# Starting a charter in Greece



## yotti (Sep 25, 2003)

Can anyone help?
I have just chartered for my second year in the Ionian and bon both occasions have been let down by the service given by the agents in Greece.
Through this I am hoping to set up a tiny charter company comprising of just one boat to start with. Then to start with by word of mouth and a small amount of marketing booking weekly charters from Lefkas.
It will be chartered with myself as skipper as I want to offer the personel touch that none of the Greek agents seem to offer.
Is there any pointers or advice that can be taken into consideration or am I trying to tap into a market that is already flooded.
Look forward to hearing from you soon
Regards
Gavin


----------



## chrondi (Mar 24, 2004)

Your intentions remind me of a certain "Sailmaster" who claimed the same services not a long time ago. To my rather (poor) knowledge, you could very well serve as a flotilla leader, carrying a few passengers on board. Are you a romantic amateur or a true professional, after all?


----------



## TSOJOURNER (Dec 16, 1999)

sailmaster is alive and well, chartering his yacht around the Aegean with quite alot of success. Yes we do offer a higher quality service, and will continue to do so, perhaps it explains why we have had a fully booked season while the remainder of the greek charter fleet seems to still be tied up in Alimos marina.....service is whats its all about


----------



## yotti (Sep 25, 2003)

Thank you for your reply.
Having done a bit of research at the boatshow in Southampton most of the charter companies up and runing already have said that it is quite hard to set up as you need a greek agent as well. Do any of you know about this and the best way to go about it. Sailmaster where do you charter your boat from. This is not some romantic dream but a business i think that could work if the service is top class and the costs are favourable. Any tips on the size of boat. I was thinking of a Bavaria 46.


----------



## TSOJOURNER (Dec 16, 1999)

Yotti,
If you really want to do this be prepared for alot of hassle and frustration.... ok.
1. You need to start a greek company with you holding 49% and a greek partner holding the other, why? because you need to satisfity the greek tax office that you will not run away owing taxes.
2. You need to register with the local social security systems TEBE and pay in every month you contribution.
3. You need to find a good reputable accountant and have him open your company books, he will also take care of paying your VAT on charters as well as other tax obligations.
4. Once the paper work is done now you can buy your yacht, it must be registered with a greek flag, and then the fun starts. you will need, 
a. Hellenic registery inspection certificate,
b. Engine and yacht specfications certificate
c.Radio license, now with GDMSS
d.Life raft certifcate with MOB saftey gear as well
e: Insurance both for yacht and liability to 3million euro

every year all of the above has to be renewed and insoected, by the various authorites here in greece.

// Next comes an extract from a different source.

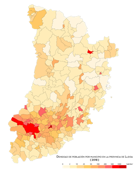 - Bevolkingsdichtheid van de provincie Lérida. Author – Lanoyta, license CC BY-SA 4.0
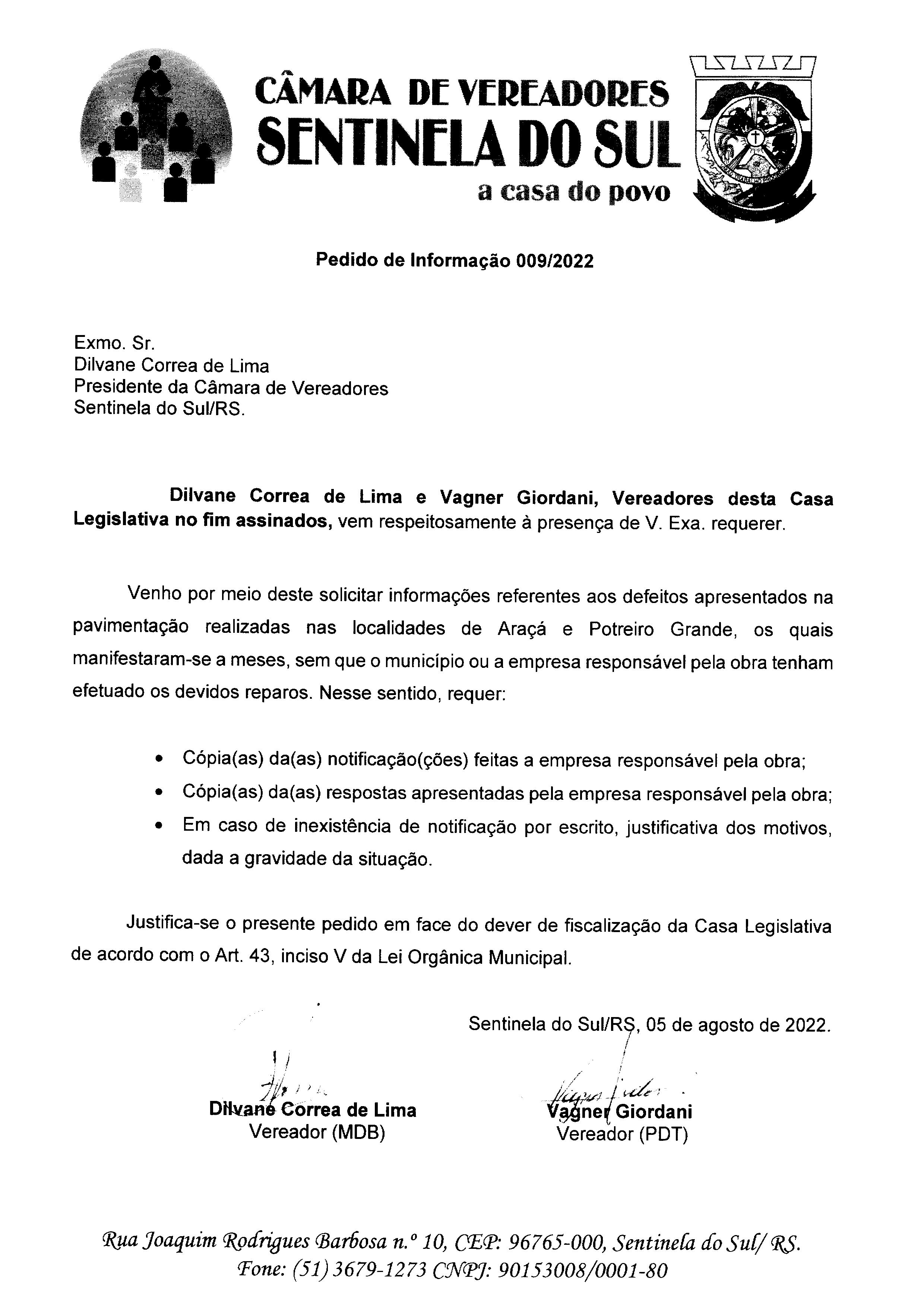 Pedido de Informação de autoria dos Vereadores Dilvane Correa de Lima e Vagner Giordani

Ok so now you have the company, yacht and you are ready to charter... wrong....

every time you charter a charter contract has to filled out in 5 copies filed with the port police, once the charter is over the contract must be filed with the tax authorties no less than 4 weeks after charter has finished..... and so it goes on, if you speak greek then it will help alot as you will need to do alot of the running around your self, if not then trying to do this in ehglish will be difficult and trying as all the papers are written in greek, just siging them is nt enough as you will be asked to read and understand what you are siging..... still want to dothis???

The yacht where as a bavaria 46 may seem like a good yacht, we have 100''s of the damn things over here, and you will immediately get into a price war with other brokers who can under cut you and say they offer the same service, find a yacht that they cannot offer and one that has minimum 4 cabins 3 for guests and one for crew, each guest cabin must have ensuite heads, try and find a yacht where the cockpit is divide into two, one half for guest to sit in safely away from flying sheets and one half where the crew can work the yacht while sailing, a large partical galley is a must with minumu 2 refers, 220v on board is nice, but not esstential..... so you still want to do this.... the market is tough here with tomany greek brokers only too happy to undercut you to keep money going though there company and stay afloat, unless you have a source of clients that the greek brokers do not I strongly suggest to avoid this venture as you will find your self in way above your head and just pouring good money after bad..... doing buisness in greece is and art and takes many years to understand there beaucary and exactly how and who to trust.....
I wish you the best


----------



## avournas (Jun 18, 2003)

Hi Gavin

There are some mistakes on sailmaster''s advise, under the newest Greek laws. These are:

1. You no longer need a 51% Greek partner, for as long you are a citizen of an EU country. You can issue the company 100% under your name.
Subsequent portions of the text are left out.